Then they set sail and Francesca discovered—while trying to scream her lungs inside out—that the airship could fold around her like a massive, demon-possessed bedsheet and yank her through the air with such velocity that she felt like her major internal organs had been mashed into paste.
Fortunately, once the
Queen's Lance
rose high enough that she could see the ocean to the west, the warship changed its conformation to become a single wing that was wider than any two market squares. Francesca, no longer screaming, was now woven into the ship in a facedown ordination. Looking up, she found an open space had been left so she could raise her head above the upper surface. Amazingly, the entire warship had become as thin as a sheet of paper.
She lowered her head to the underside. Below her stretched five thousand feet of liquid air and then the rolling savanna. She had been holding her arms against her chest, but now she let them hang in the wind.
She looked forward for Cyrus and the other pilots and saw their
cloth-wrapped forms moving within the wing. The pilots were now suspended in their magical language. It allowed them to swim through woven threads like fish through water.
Looking to her right, she was surprised to see a tremendously fat hierophant not two feet from her. Then, realizing who this was, she laughed.
Getting Nicodemus aboard the warship had proved more difficult than anticipated. As soon as his skin had touched the airship, the nearby text had misspelled and fallen out of the silk. If this happened when aloft, the crew would spend the rest of their lives experimenting with screaming as a method of preventing death by high-velocity impact with the ground.
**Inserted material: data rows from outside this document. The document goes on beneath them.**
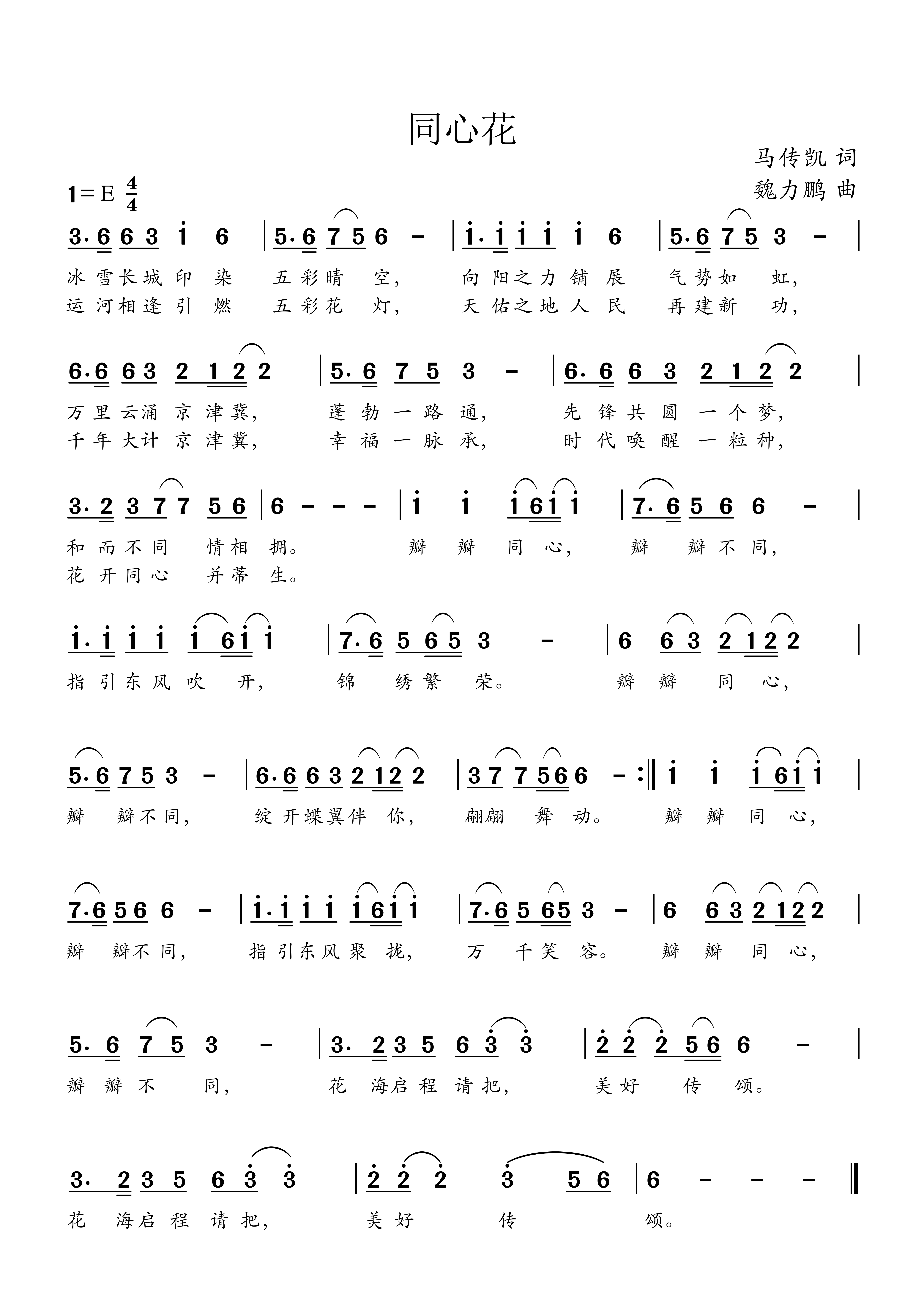歌曲《同心花》由南开区文化馆音乐干部马传凯作词,魏力鹏作曲,冯坤演唱,是为南开区2022年“冰雪中国年 一起向未来” 京津冀迎冬奥网络春节联欢会定制的歌曲。该歌曲艺术性地诠释出“京津冀如同一朵花上的花瓣,瓣瓣不同,却瓣瓣同心”的京津冀协同发展新格局。请您欣赏!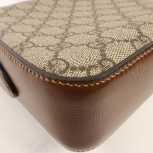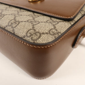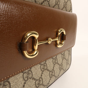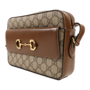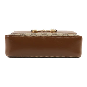 GUCCI GG GHW Horsebit 1955 Shoulder Bag 645454 PVC Coated Canvas Brown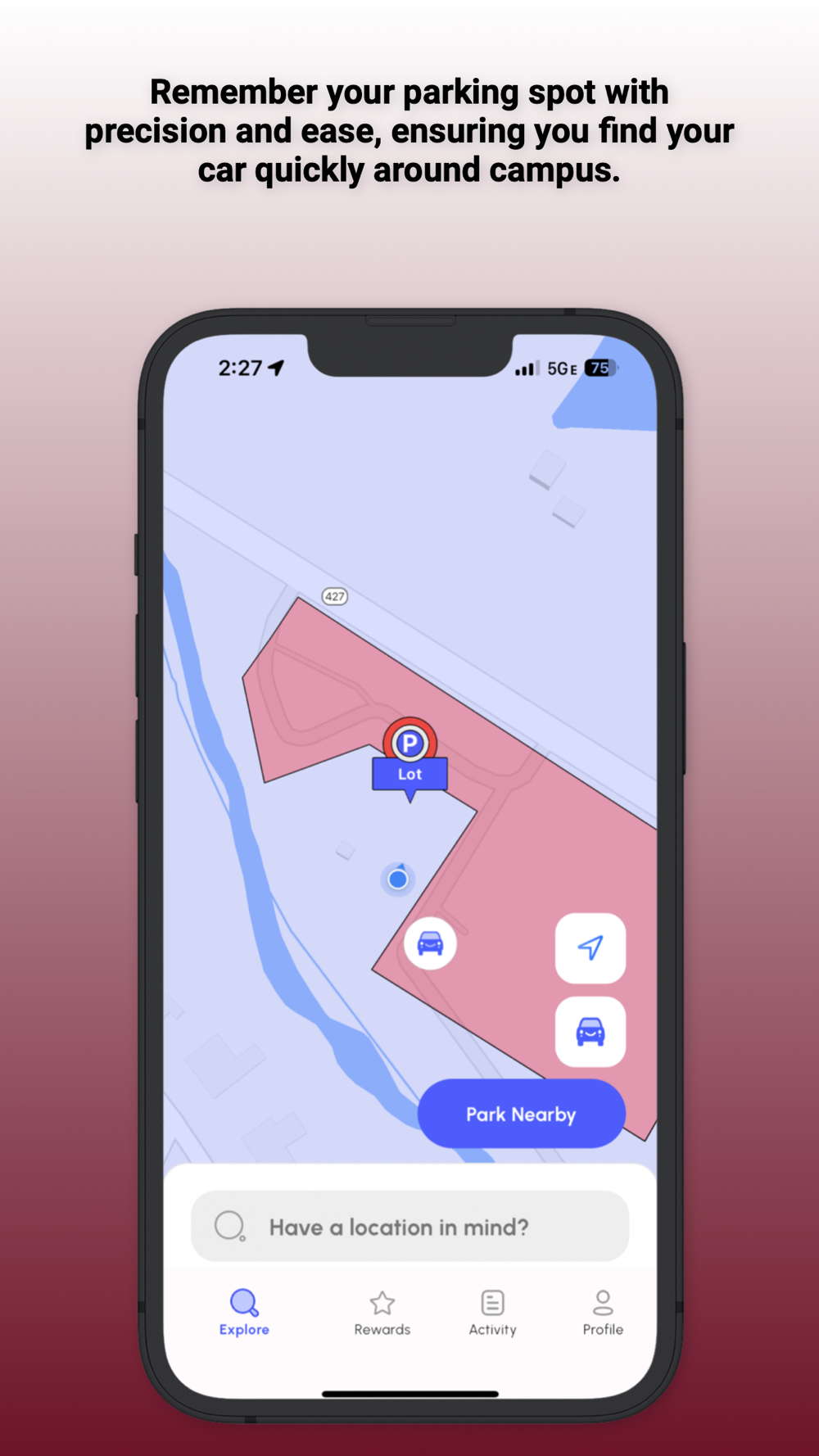 1. Find Parking On Campus: Easily locate available parking across the campus, ensuring you never waste time searching for a place to park.

Experimentation would have been brief, the results disheartening.
To prevent this scenario with some textual insulation, Cyrus and Izem had wrapped Nicodemus with so much cloth that he resembled a giant baby swaddled by an overly zealous goddess of motherhood. Francesca wrote Nicodemus a message:
“I know you were uncomfortable when I saw you naked, but this is overdoing it with the cloths just a bit, don't you think?”
Cyrus had left the fingers of Nicodemus's right hand unbound so he could free himself in an emergency. He used the exposed digits to take Francesca's sentence and translated it. After a moment, he handed it back to her. Wondering if he had written a new message, she reached out. But the text misspelled and blasted itself into sentence fragments. Francesca jerked back, crying out in alarm.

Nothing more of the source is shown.